In Brinkman’s presentation on consciousness, he stated “we can’t understand the brain and the limits it can reach being that we are the ones examining the brain.” Which he further explained to mean that since we only know so much about a particular thing, how can we know more being that we humans are the ones searching? According to Brinkman the brain is an important factor to living.
Brinkman spoke of how if the human brain and how both sides are able to work together, and an image is shown either of a face or of a house, it takes the brain 200 milliseconds to interlink the two parts to think as one. Another fact shared with the audience was that certain images can go and trigger a single neuron. This means that a person’s face can trigger one of anyone’s neurons.
With the 7pm showing, climate control was the main factor. Each topic was about some way how humans contributed to what is happening to the earth and how we can take control of the damage we have done if we all work together, and start changing our ways.

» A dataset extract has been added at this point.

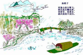 西塞山前白鹭飞,桃花流水鳜鱼肥。 青箬笠,绿蓑衣,斜风细雨不须归。 注释 渔歌子:原是曲调名,后来人们根据它填词,又成为词牌名。 西塞山:在今浙江省湖州市西面。 白鹭:一种白色的水鸟。 桃花流水:桃花盛开的季节正是春水盛涨的时候,俗称桃花汛或桃花水。鳜鱼:俗称“花鱼”、“桂鱼”。扁平、口大、鳞细、黄绿色,味道鲜美。 箬笠:用竹篾、箬叶编的斗笠。 蓑衣:用草或棕麻编织的雨衣。 ![]() 译文 西塞山前白鹭在自由地飞翔,江岸桃花盛开,春水初涨,水中鳜鱼肥美。渔翁头戴青色的箬笠,身披绿色的蓑衣,冒着斜风细雨,乐然垂钓,用不着回家。 赏析: 《渔歌子·西塞山前白鹭飞》是唐代诗人张志和的一首词。这首词开头两句写垂钓的地方和季节。这两句里,出现了山、水、鸟、花、鱼,勾勒了一个垂钓的优美环境,为人物出场作好了铺垫。词的后两句写烟波上垂钓。尾句里的“斜风细雨”既是实写景物,又另含深意。这首词通过对自然风光和渔人垂钓的赞美,表现了作者向往自由生活的心情。 西塞山在今浙江省吴兴县境内的西苕溪上,从前叫道士矶,是一座突出在河边的大石岩。西苕溪北通太湖,南邻莫干山,风景很优美。张志和这首词描绘春汛期的景物,反映了太湖流域水乡的可爱。 白鹭就是平常人们叫做鹭鸶的那种水鸟。远远望去,它的外形有点象白鹤,腿和脖子特别长,便于在水中寻找食物。“西塞山前白鹭飞”,它们在西塞山前,展翅飞翔,使这个鱼米之乡更显得生趣洋溢了。“桃花流水”就是桃花水。南方每年二三月间,桃花盛开,天气暖和,雨水比冬天多,下几场春雨,河水就会上涨,于是逆水而上的鱼群便多起来了。作者没有简单地说春汛到来,而是用“桃花流水鳜鱼肥”来描写,这就更能勾起读者的想象,使人们似乎看见了两岸盛开的、红艳艳的桃花;河水陡涨时,江南特有的鳜鱼不时跃出水面,多肥大呀。“鳜鱼”是一种味道特别鲜美的淡水鱼,嘴大鳞细,颜色呈黄褐色。春汛来了,渔夫当然不会闲着,他们也忙碌开了。“青箬笠,绿蓑衣,斜风细雨不须归”写的都是他们。”归”,回家。“不须归”,是说也不须回家了。从渔翁头戴箬笠,身披蓑衣,在斜风细雨里欣赏春天水面的景物,读者便可以体会到渔夫在捕鱼时的愉快心情。 作者是一位山水画家,据说他曾将《渔歌子》画成图画。确实,这首词是富于画意的。苍岩,白鹭,鲜艳的桃林,清澈的流水,黄褐色的鳜鱼,青色的斗笠,绿色的蓑衣,色彩鲜明,构思巧妙,意境优美,使读者仿佛是在看一幅出色的水乡春汛图。[5] 这首词在秀丽的水乡风光和理想化的渔人生活中,寄托了作者爱自由、爱自然的情怀。词中更吸引读者的不是一蓑风雨,从容自适的渔父,而是江乡二月桃花汛期间春江水涨、烟雨迷蒙的图景。雨中青山,江上渔舟,天空白鹭,两岸红桃,色泽鲜明但又显得柔和,气氛宁静但又充满活力。而这既体现了作者的艺术匠心,也反映了他高远、冲澹、悠然脱俗的意趣。 ![]() 艺术手法 这首词的前两句勾勒出一幅江南风景长卷。“西塞山前”点明地点。“白鹭”是闲适的象征,写白鹭自在地飞翔,衬托渔夫的悠闲自得。“桃红”与“流水”相映,显现了暮春西塞山前的湖光山色,渲染了渔父的生活环境。 末两句描写渔父捕鱼的情态。与富有诗情画意的大自然完全融合在一起,令人神往。作者虽只是概括地叙述了渔夫捕鱼的生活,但从词的言外之意中,读者不难发现作者对渔父悠闲自在的生活的向往。 这首词构思巧妙,意境优美,语言生动,格调清新,寄情于景,显现出一种出污泥而不染的清纯和淡泊,成为一首千古流传、脍炙人口的词作。

“If energy consumption is a sin, then I’m a sinner,” are lyrics from one of many of Brinkman’s songs. His one song, “#laudatiSi”, was focused on selfish countries asking for more economic development. He positioned as the pope and the tweets which the pope had made. “Point to the sky, point to the ground, point to the left, point to the right, now you are all converted ladies and gentlemen.”
This was a creative and interactive way to get the audience involved according to one audience member. Brinkman was able to bring a creative strategy into how rap can be interconnected with education. The audience interacted with Brinkman and the activities throughout the day. At the end of his show, he had CD’s which he had given to those who had asked, and he even signed them and posed for photos.